Mietrecht
Urteile
Eigenbedarfskündigung für Familienangehörige
(Leitsatz von der Redaktion MieterEcho gekürzt)
BGH Urteil vom 10.07.2024 – AZ VIII ZR 276/23 –
Eine Gesellschaft bürgerlichen Rechts erwarb ein Grundstück in Berlin, die Gesellschaft bestand aus zwei Cousins. Sie kündigten Mietern, die bereits zum Zeitpunkt des Erwerbs in einer Wohnung des Mehrfamilienhauses wohnten, wegen Eigenbedarfs eines der beiden Gesellschafter. Die Mieter hielten die Kündigung für unwirksam und beriefen sich auf die Kündigungsbeschränkung des § 577a Abs. 1a Nr.1, Abs. 2 BGB in Verbindung mit der Kündigungsschutzklausel-Verordnung in Berlin. Danach kann eine solche Personengesellschaft, an die vermieteter Wohnraum nach der Überlassung an die Mieter veräußert worden ist, erst zehn Jahre nach Erwerb eine Eigenbedarfskündigung gegenüber den Mietern aussprechen. Diese Einschränkung gilt allerdings dann nicht, wenn die zum Zeitpunkt des Eigentumserwerbs vorhandenen Gesellschafter derselben Familie angehören. Die Vermieter und die Mieter stritten daher darum, ob Cousins derselben „Familie“ angehören, wobei die Vermieter sich auch darauf beriefen, dass zwischen den beiden Gesellschaftern neben der verwandtschaftlichen Beziehung auch eine besonders enge Bindung bestehe.
Ihre Räumungsklage hatte am Ende jedoch keinen Erfolg. Der Bundesgerichtshof vertrat die Auffassung, der vom Gesetzgeber bezweckten Privilegierung von Familienangehörigen in den Vorschriften zur Eigenbedarfskündigung (§ 573 Abs. 2 Nr. 2 BGB) und in der Vorschrift zur Ausnahme von der Kündigungsbeschränkung bei einem Wohnungserwerb (§ 577a Abs. 1a Satz 2 BGB) liege „eine typisierende Betrachtungsweise dahingehend zu Grunde, dass zwischen den hiervon umfassten Personen aufgrund einer familiären Beziehung eine besondere persönliche Nähebeziehung anzunehmen“ sei.

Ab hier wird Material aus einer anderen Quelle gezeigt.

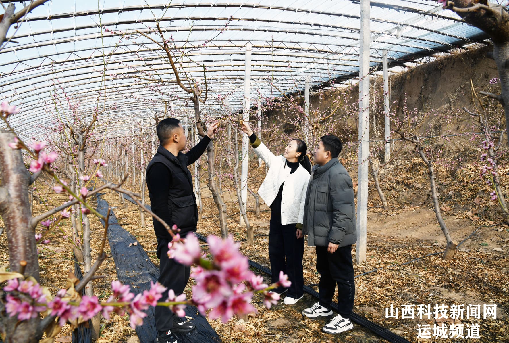 山西科技新闻网运城讯 2月27日,闻喜县阳隅镇小张村集体兴建的油桃暖棚里,托管承包人杨锐和员工正在为桃树进行人工授粉,4月中旬这里生产的世纪星良种油桃将以七,八元的高价抢鲜上市,比大田油桃提前两个月时间。
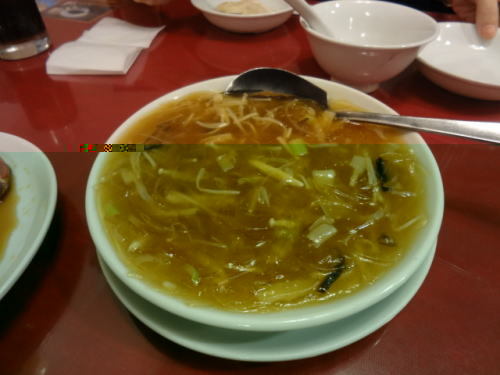 | ふかひれスープ、とても美味しかった。 | エビチリソース | |
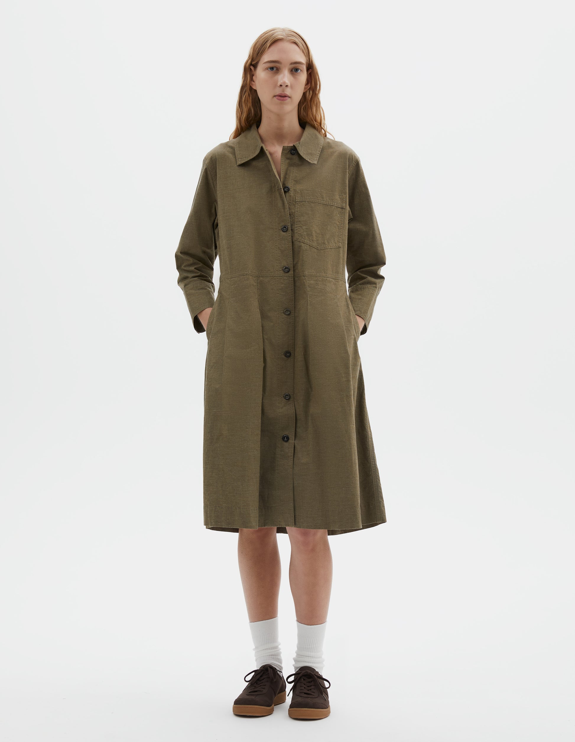 The MHL. Pleated Shirt Dress has a regular cut. It is fabricated in end on end cotton poplin with a brushed finish and soft hand feel, in colours developed exclusively for MHL. The dress is constructed with a button-through placket, a patch chest pocket, stitch-down pleats and double button fastening cuffs.
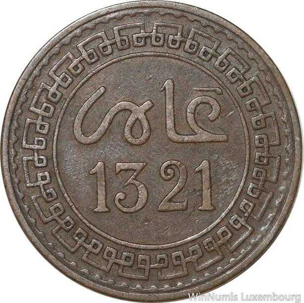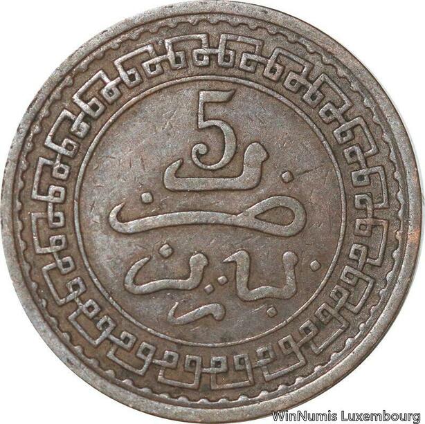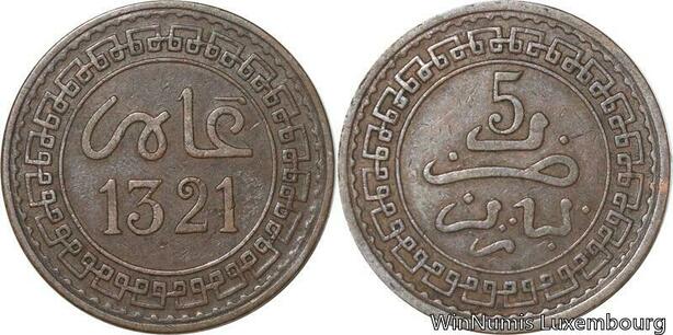R8945 Rare Morocco 5 Mazounas Abd al-Aziz AH 1321 1903 Paris -> Make offer
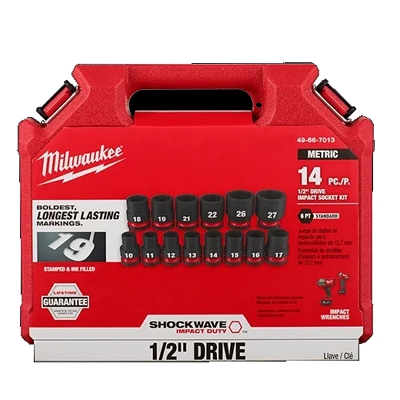 Milwaukee 49-66-7013 14pc 1/2" Drive Metric Standard 6 pt Socket Set features the boldest, longest-lasting markings and extreme impact durability in high torque applications. The stamped and ink-filled size marking enables you to select the right socket every time throughout the life of the socket. These sockets are engineered with high strength forged steel for optimized performance in heavy-duty applications. The non-slip hex geometry prevents fastener rounding, and a dual-hole design and ring groove allow for easy socket attachment and removal. The storage cases are impact resistant and nest together for easy stacking and storage. All MILWAUKEE SHOCKWAVE Impact Duty Sockets backed by a Lifetime Guarantee and meet ASME industry standards.

Es bedürfe daher hinsichtlich des privilegierten Personenkreises nicht zusätzlich des Vorliegens eines konkreten tatsächlichen Näheverhältnisses; umgekehrt scheide auch eine „Erweiterung dieses geschützten Personenkreises aufgrund einer einzelfallbezogenen Prüfung des Vorliegens einer besonderen sozialen Nähe“ aus.
Es sei entscheidend, für welchen Personenkreis der Gesetzgeber durch die Verwendung des Begriffs der Familie eine typischerweise vorliegende besondere soziale Bindung angenommen habe. In den beiden Vorschriften habe der Gesetzgeber dies nicht näher konkretisiert. Er habe eine solche Bewertung jedoch „im Rahmen der ebenfalls auf der persönlichen Nähebeziehung und Verbundenheit gründenden Gewährung eines Zeugnisverweigerungsrechts aus persönlichen Gründen vorgenommen“ . Cousins stehe jedoch weder nach der Zivilprozessordnung noch nach der Strafprozessordnung ein Zeugnisverweigerungsrecht zu. Sie gehörten damit nicht zu derselben Familie im Sinne des Gesetzes.